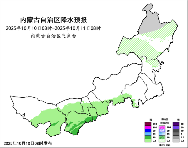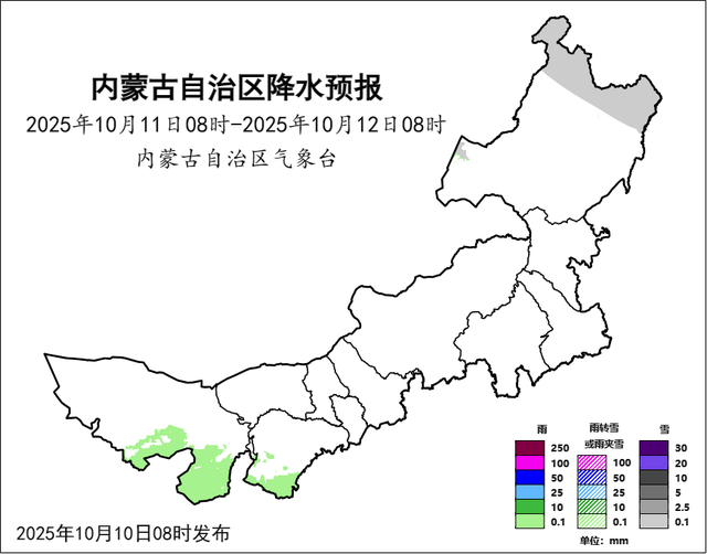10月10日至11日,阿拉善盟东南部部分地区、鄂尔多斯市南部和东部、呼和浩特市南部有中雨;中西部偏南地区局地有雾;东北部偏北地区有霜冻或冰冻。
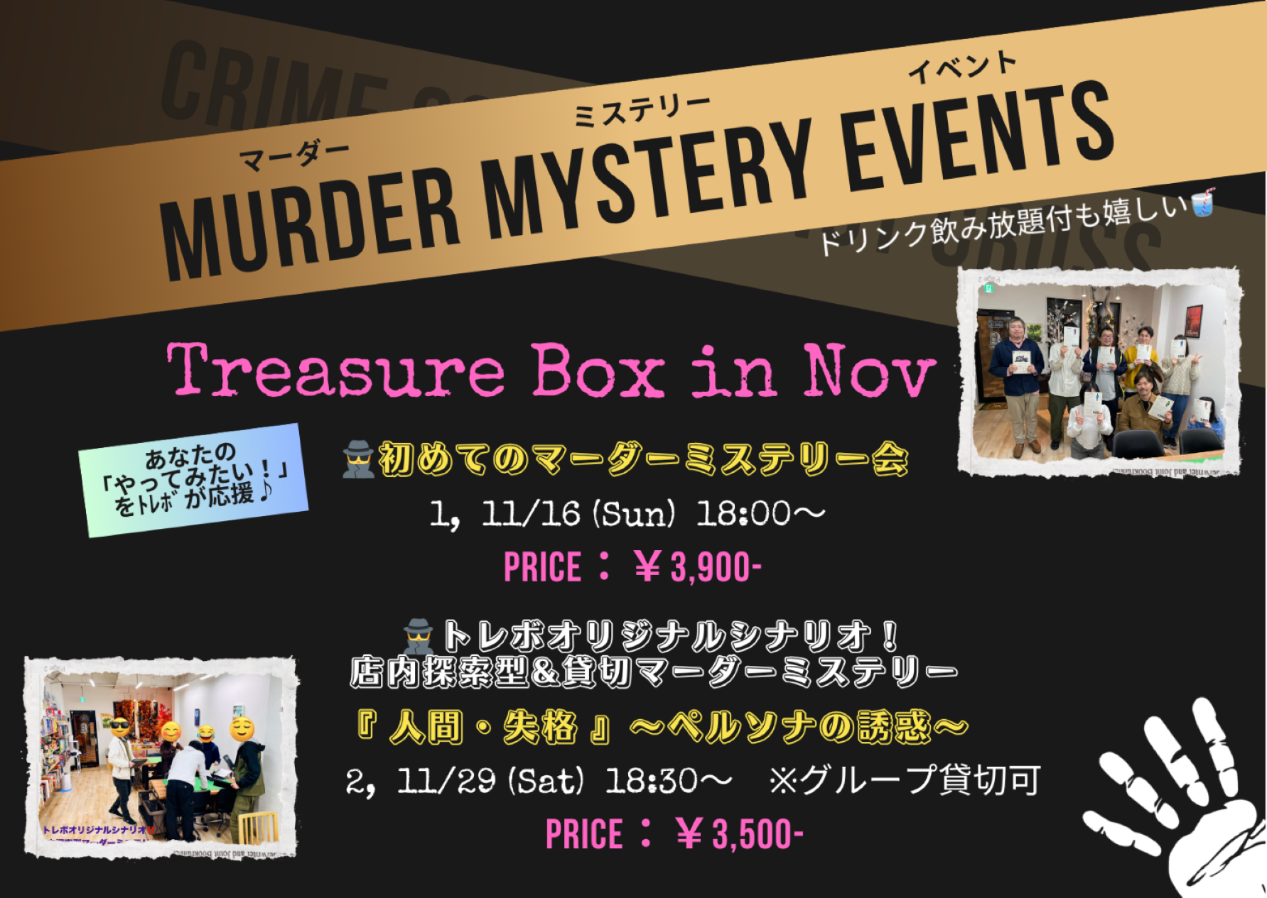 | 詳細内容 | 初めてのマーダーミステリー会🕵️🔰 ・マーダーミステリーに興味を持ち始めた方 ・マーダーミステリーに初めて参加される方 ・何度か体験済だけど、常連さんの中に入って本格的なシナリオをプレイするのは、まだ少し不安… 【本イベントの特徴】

--

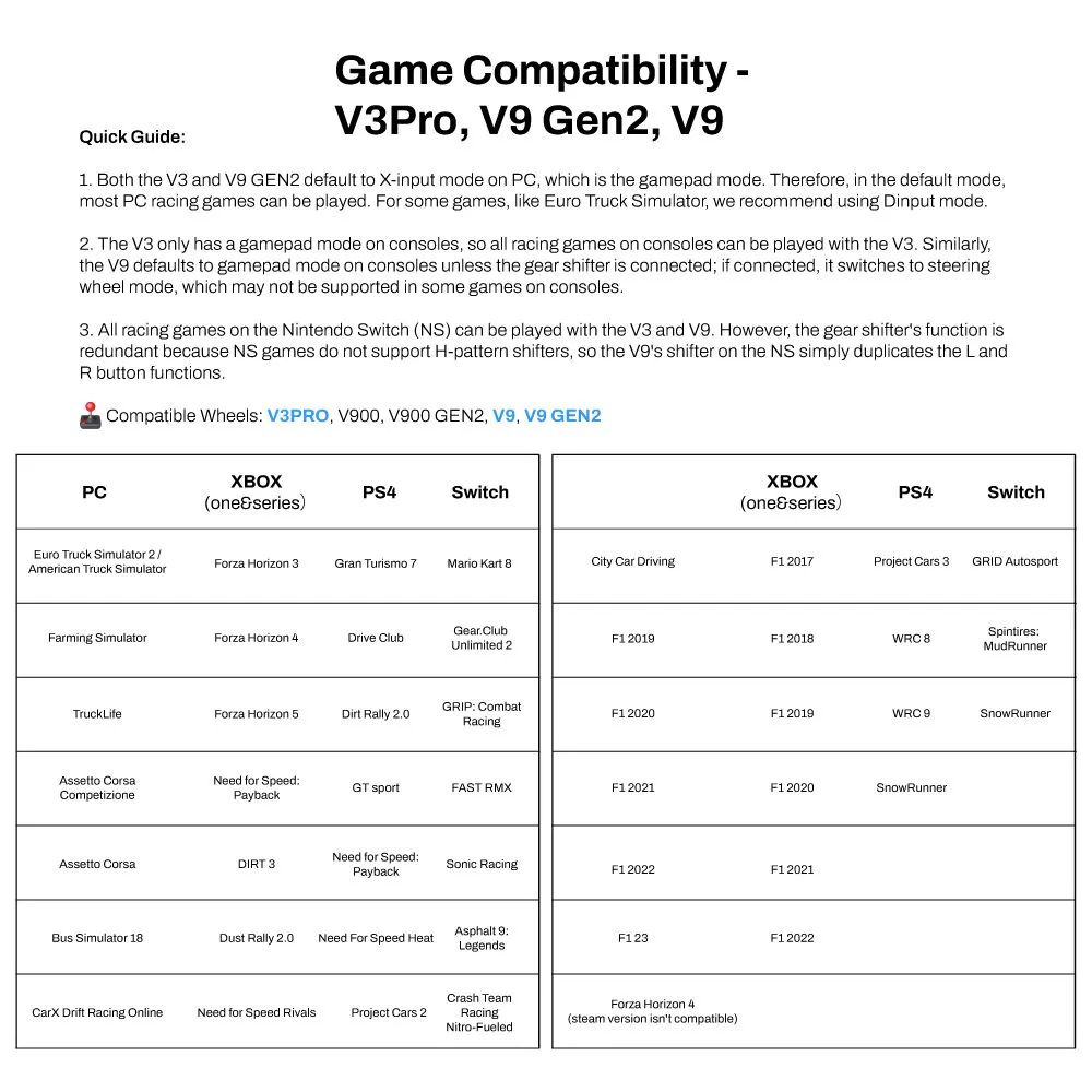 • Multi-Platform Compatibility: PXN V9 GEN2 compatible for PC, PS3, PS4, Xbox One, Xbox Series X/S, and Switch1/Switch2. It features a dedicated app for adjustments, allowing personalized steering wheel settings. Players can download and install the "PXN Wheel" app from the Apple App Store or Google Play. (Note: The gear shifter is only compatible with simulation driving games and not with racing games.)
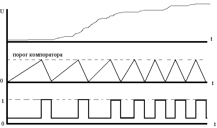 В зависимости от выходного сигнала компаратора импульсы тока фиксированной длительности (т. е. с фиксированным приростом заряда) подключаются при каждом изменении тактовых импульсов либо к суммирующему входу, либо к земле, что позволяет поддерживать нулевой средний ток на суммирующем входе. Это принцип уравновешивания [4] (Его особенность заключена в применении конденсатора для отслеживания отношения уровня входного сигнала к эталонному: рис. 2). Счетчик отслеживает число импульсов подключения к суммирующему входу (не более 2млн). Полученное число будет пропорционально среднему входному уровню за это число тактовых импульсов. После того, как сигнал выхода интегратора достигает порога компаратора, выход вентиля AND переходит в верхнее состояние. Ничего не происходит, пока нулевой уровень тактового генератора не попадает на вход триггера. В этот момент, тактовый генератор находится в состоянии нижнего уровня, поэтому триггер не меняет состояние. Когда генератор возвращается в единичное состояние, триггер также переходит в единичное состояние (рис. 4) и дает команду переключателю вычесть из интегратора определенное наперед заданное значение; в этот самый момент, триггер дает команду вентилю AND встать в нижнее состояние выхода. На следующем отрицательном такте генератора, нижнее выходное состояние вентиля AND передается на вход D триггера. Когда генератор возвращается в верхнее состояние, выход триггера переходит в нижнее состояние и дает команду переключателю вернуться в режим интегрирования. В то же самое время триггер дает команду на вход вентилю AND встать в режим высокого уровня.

▸ BRIEF
Print, exactly and with no pictures, the lines of the listing above starting at the one that has "10月10日至11日,阿拉善" and ending at the one that has "詳細内容 | 初めてのマーダーミステリー会🕵️🔰", both included.

▸ PROBLEM SOLUTION
10月10日至11日,阿拉善盟东南部部分地区、鄂尔多斯市南部和东部、呼和浩特市南部有中雨;中西部偏南地区局地有雾;东北部偏北地区有霜冻或冰冻。
 | 詳細内容 | 初めてのマーダーミステリー会🕵️🔰 ・マーダーミステリーに興味を持ち始めた方 ・マーダーミステリーに初めて参加される方 ・何度か体験済だけど、常連さんの中に入って本格的なシナリオをプレイするのは、まだ少し不安… 【本イベントの特徴】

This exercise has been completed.